§ **Task description**
Will you transcribe all the entries word for word, skipping the pictures they hold?
** Information provided follows **
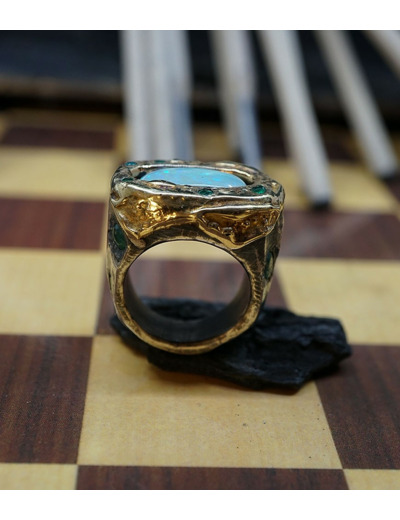 Au cœur de la bague, une opale blanche multicolore, taillée avec soin, tenue à tous les regards.
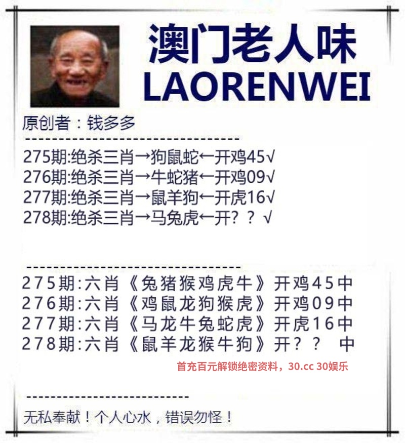 275期:绝杀三肖【羊猪兔】开:鸡45准
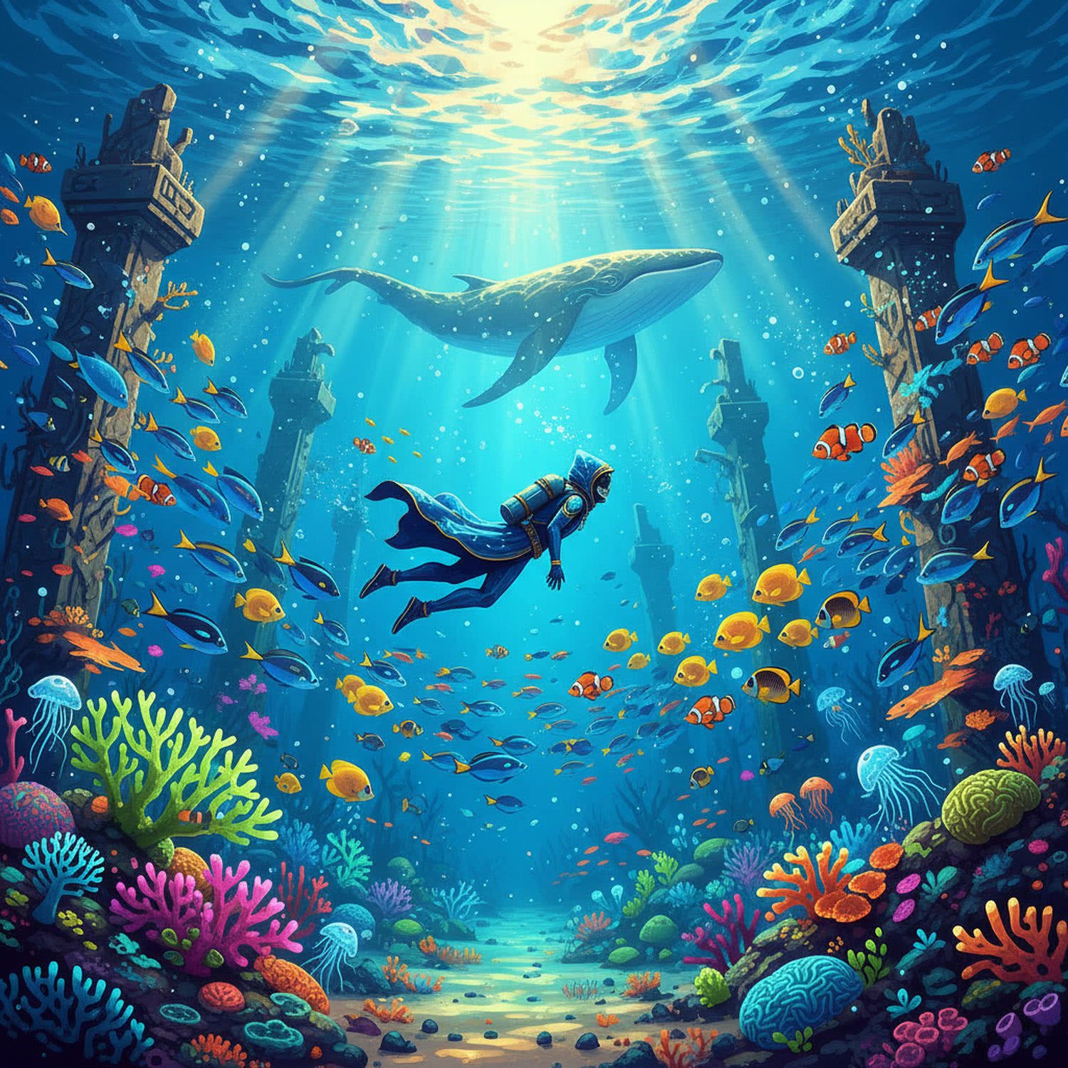 Artwork illustration: Artwork illustration: A serene underwater scene from the game Abzu, featuring a mysterious diver in a flowing suit gracefully swimming through vibrant turquoise ocean depths. Surrounding the diver are swirling schools of colorful tropical fish, glowing coral reefs, and ancient submerged ruins with intricate carvings partially illuminated by shafts of sunlight piercing the surface. In the background, a massive whale-like creature glides mysteriously, evoking wonder and harmony. Render in a hyper-realistic digital art style with dynamic lighting, bioluminescent accents, and a sense of peaceful exploration, high resolution, cinematic composition. Use a video game screenshot style, vivid color palette, pixel-art elements. Use a video game screenshot style, vivid color palette, pixel-art elements.
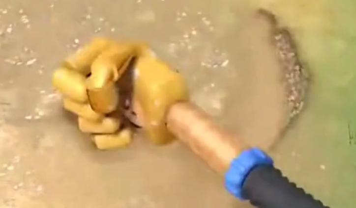 古有鲁智深倒拔垂杨柳,今有光头强驾驶吊车倒拔苹果树。
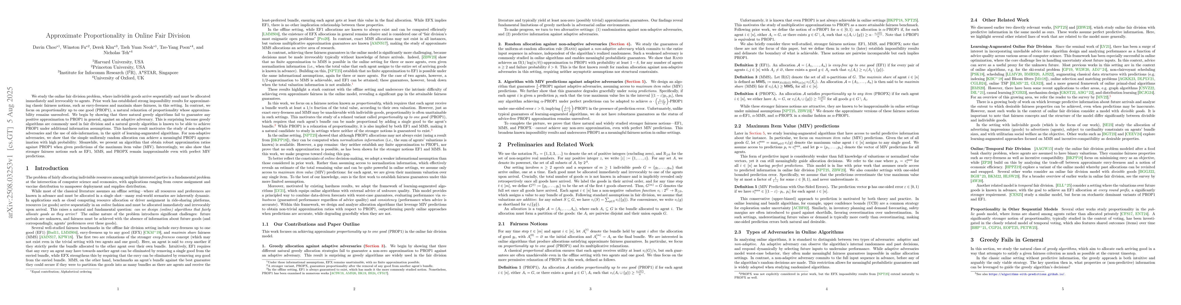 We study the online fair division problem, where indivisible goods arrive sequentially and must be allocated immediately and irrevocably to agents. Prior work has established strong impossibility results for approximating classic fairness notions, such as envy-freeness and maximin share fairness, in this setting. In contrast, we focus on proportionality up to one good (PROP1), a natural relaxation of proportionality whose approximability remains unresolved. We begin by showing that three natural greedy algorithms fail to guarantee any positive approximation to PROP1 in general, against an adaptive adversary. This is surprising because greedy algorithms are commonly used in fair division and a natural greedy algorithm is known to be able to achieve PROP1 under additional information assumptions. This hardness result motivates the study of non-adaptive adversaries and the use of side-information, in the spirit of learning-augmented algorithms. For non-adaptive adversaries, we show that the simple uniformly random allocation can achieve a meaningful PROP1 approximation with high probability. Meanwhile, we present an algorithm that obtain robust approximation ratios against PROP1 when given predictions of the maximum item value (MIV). Interestingly, we also show that stronger fairness notions such as EF1, MMS, and PROPX remain inapproximable even with perfect MIV predictions.
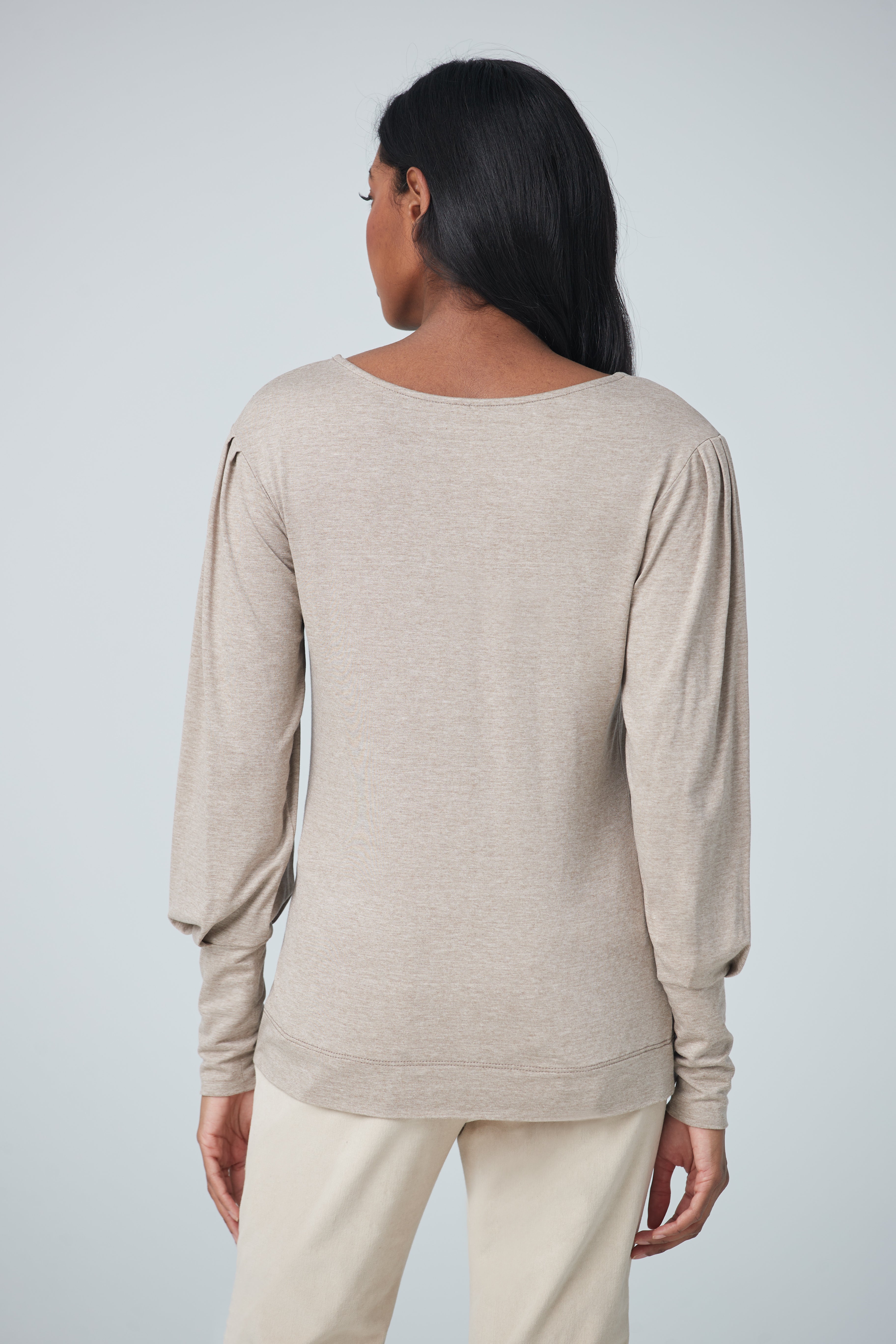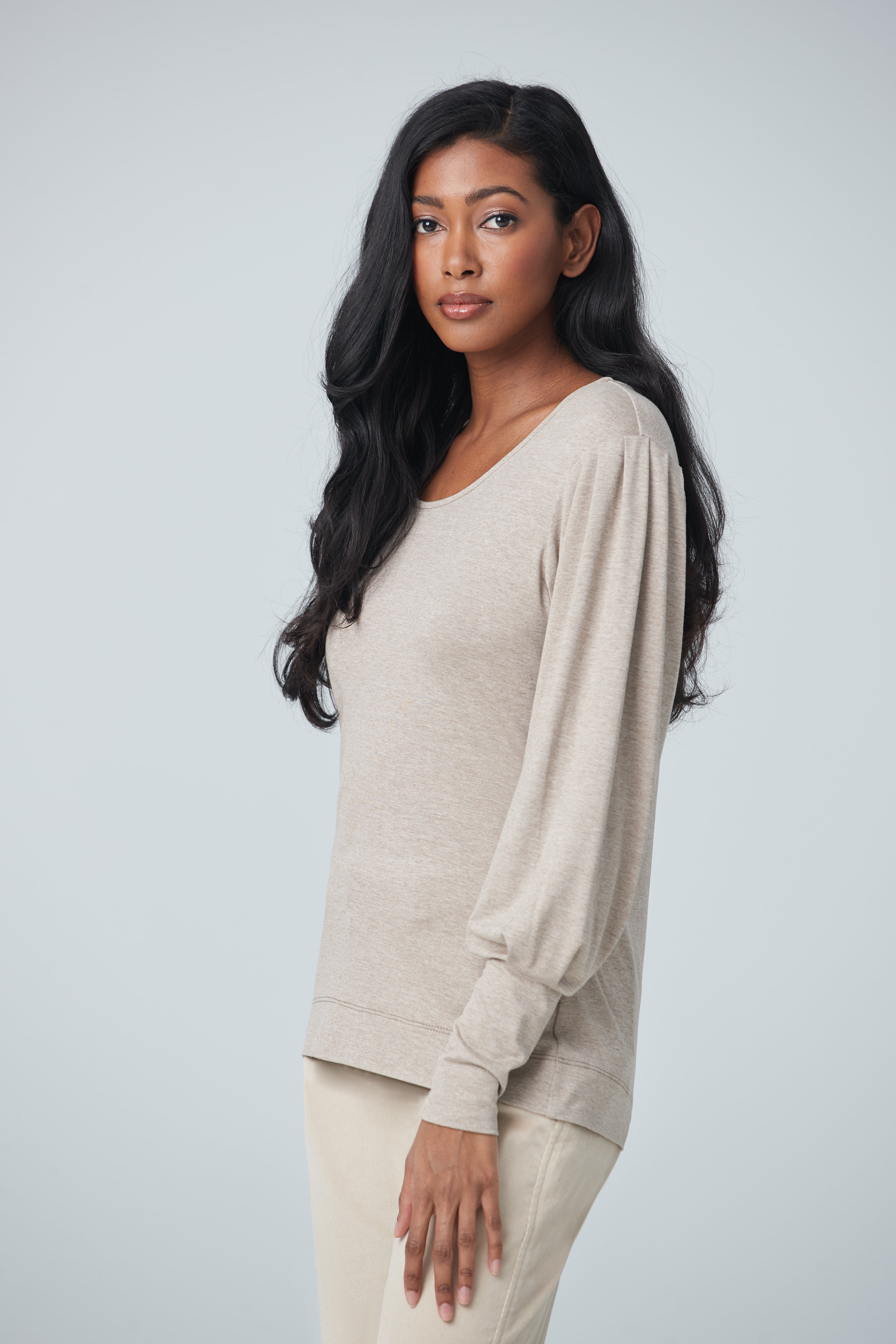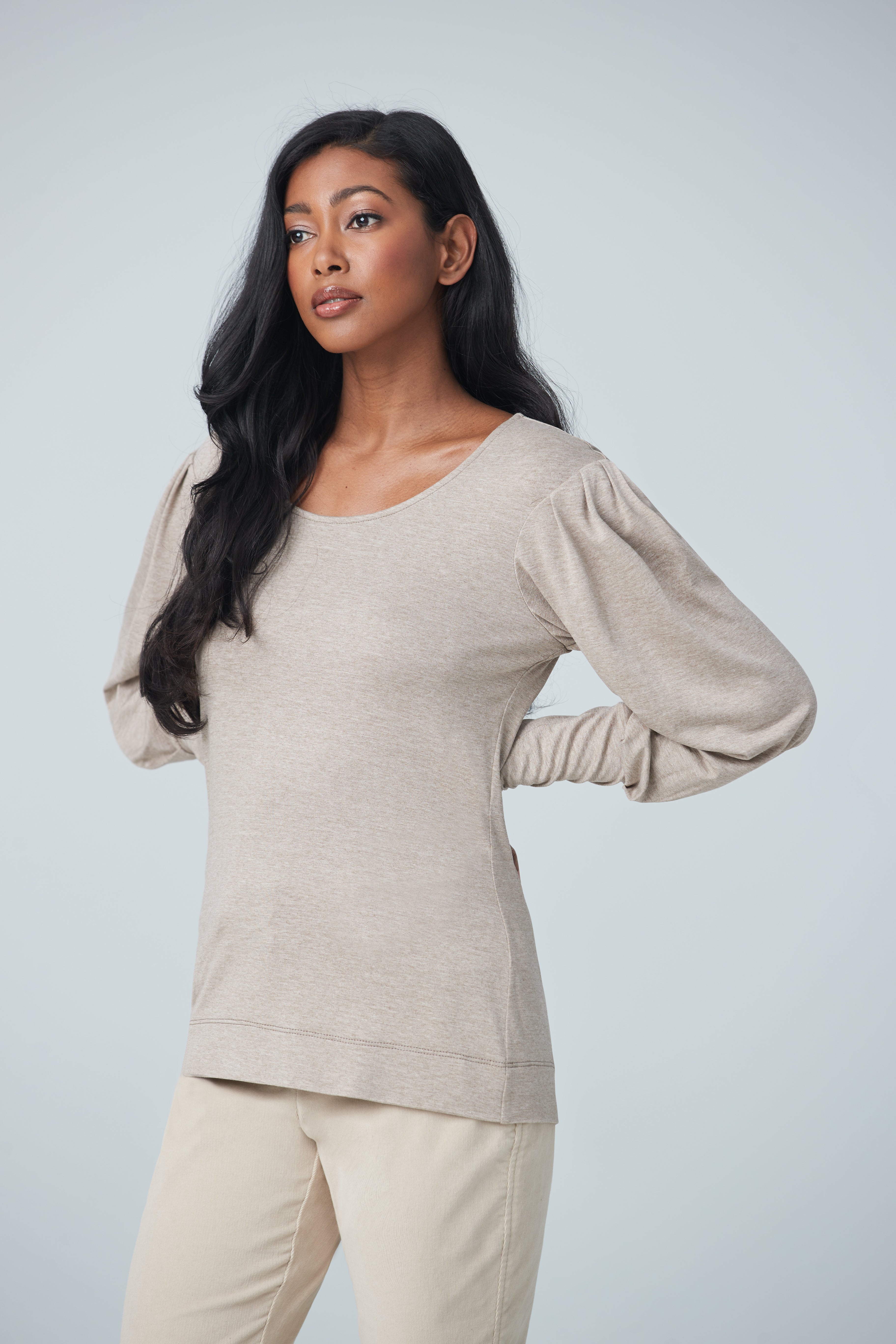Long sleeve crewneck with puffy sleeves and long cuffs. A classic and trendy long sleeve top with long cuffs for your comfort. Very comfortable and can be worn casually in the comfort of your home or at work.
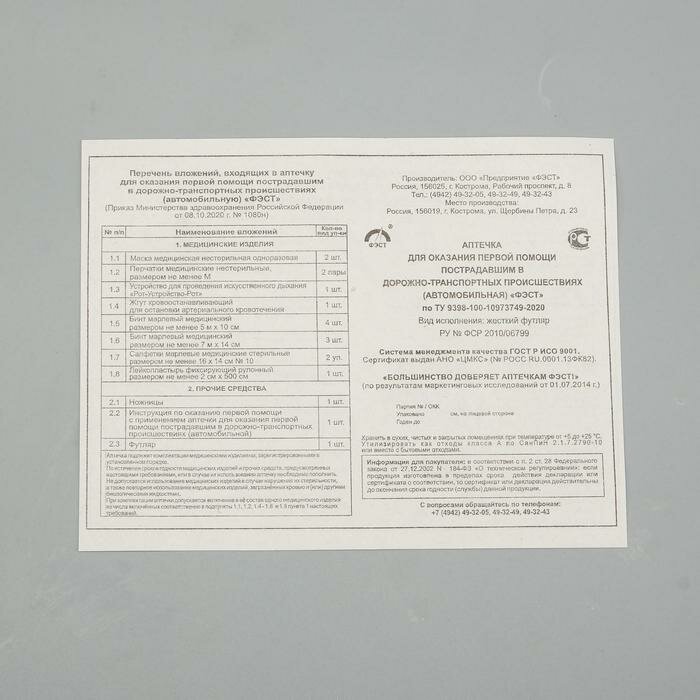Аптечка автомобильная ФЭСТ футляр из полистирола, новый состав по приказу № 1080Н от 08.10.20
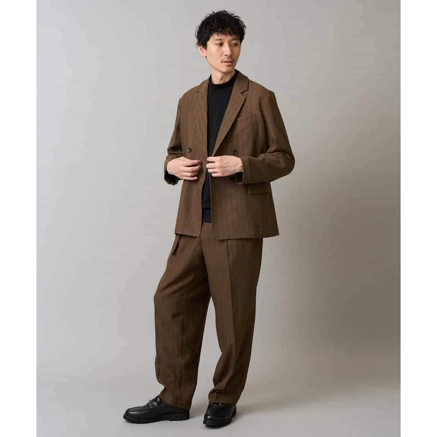 【イージーケア 毛玉になりにくい】LANATECヘリンボーンダブルブレストジャケ…
** End of Information provided **
§ **Reply**
 Au cœur de la bague, une opale blanche multicolore, taillée avec soin, tenue à tous les regards.
 275期:绝杀三肖【羊猪兔】开:鸡45准
 Artwork illustration: Artwork illustration: A serene underwater scene from the game Abzu, featuring a mysterious diver in a flowing suit gracefully swimming through vibrant turquoise ocean depths. Surrounding the diver are swirling schools of colorful tropical fish, glowing coral reefs, and ancient submerged ruins with intricate carvings partially illuminated by shafts of sunlight piercing the surface. In the background, a massive whale-like creature glides mysteriously, evoking wonder and harmony. Render in a hyper-realistic digital art style with dynamic lighting, bioluminescent accents, and a sense of peaceful exploration, high resolution, cinematic composition. Use a video game screenshot style, vivid color palette, pixel-art elements. Use a video game screenshot style, vivid color palette, pixel-art elements.
 古有鲁智深倒拔垂杨柳,今有光头强驾驶吊车倒拔苹果树。
 We study the online fair division problem, where indivisible goods arrive sequentially and must be allocated immediately and irrevocably to agents. Prior work has established strong impossibility results for approximating classic fairness notions, such as envy-freeness and maximin share fairness, in this setting. In contrast, we focus on proportionality up to one good (PROP1), a natural relaxation of proportionality whose approximability remains unresolved. We begin by showing that three natural greedy algorithms fail to guarantee any positive approximation to PROP1 in general, against an adaptive adversary. This is surprising because greedy algorithms are commonly used in fair division and a natural greedy algorithm is known to be able to achieve PROP1 under additional information assumptions. This hardness result motivates the study of non-adaptive adversaries and the use of side-information, in the spirit of learning-augmented algorithms. For non-adaptive adversaries, we show that the simple uniformly random allocation can achieve a meaningful PROP1 approximation with high probability. Meanwhile, we present an algorithm that obtain robust approximation ratios against PROP1 when given predictions of the maximum item value (MIV). Interestingly, we also show that stronger fairness notions such as EF1, MMS, and PROPX remain inapproximable even with perfect MIV predictions.
Long sleeve crewneck with puffy sleeves and long cuffs. A classic and trendy long sleeve top with long cuffs for your comfort. Very comfortable and can be worn casually in the comfort of your home or at work.
Аптечка автомобильная ФЭСТ футляр из полистирола, новый состав по приказу № 1080Н от 08.10.20
 【イージーケア 毛玉になりにくい】LANATECヘリンボーンダブルブレストジャケ…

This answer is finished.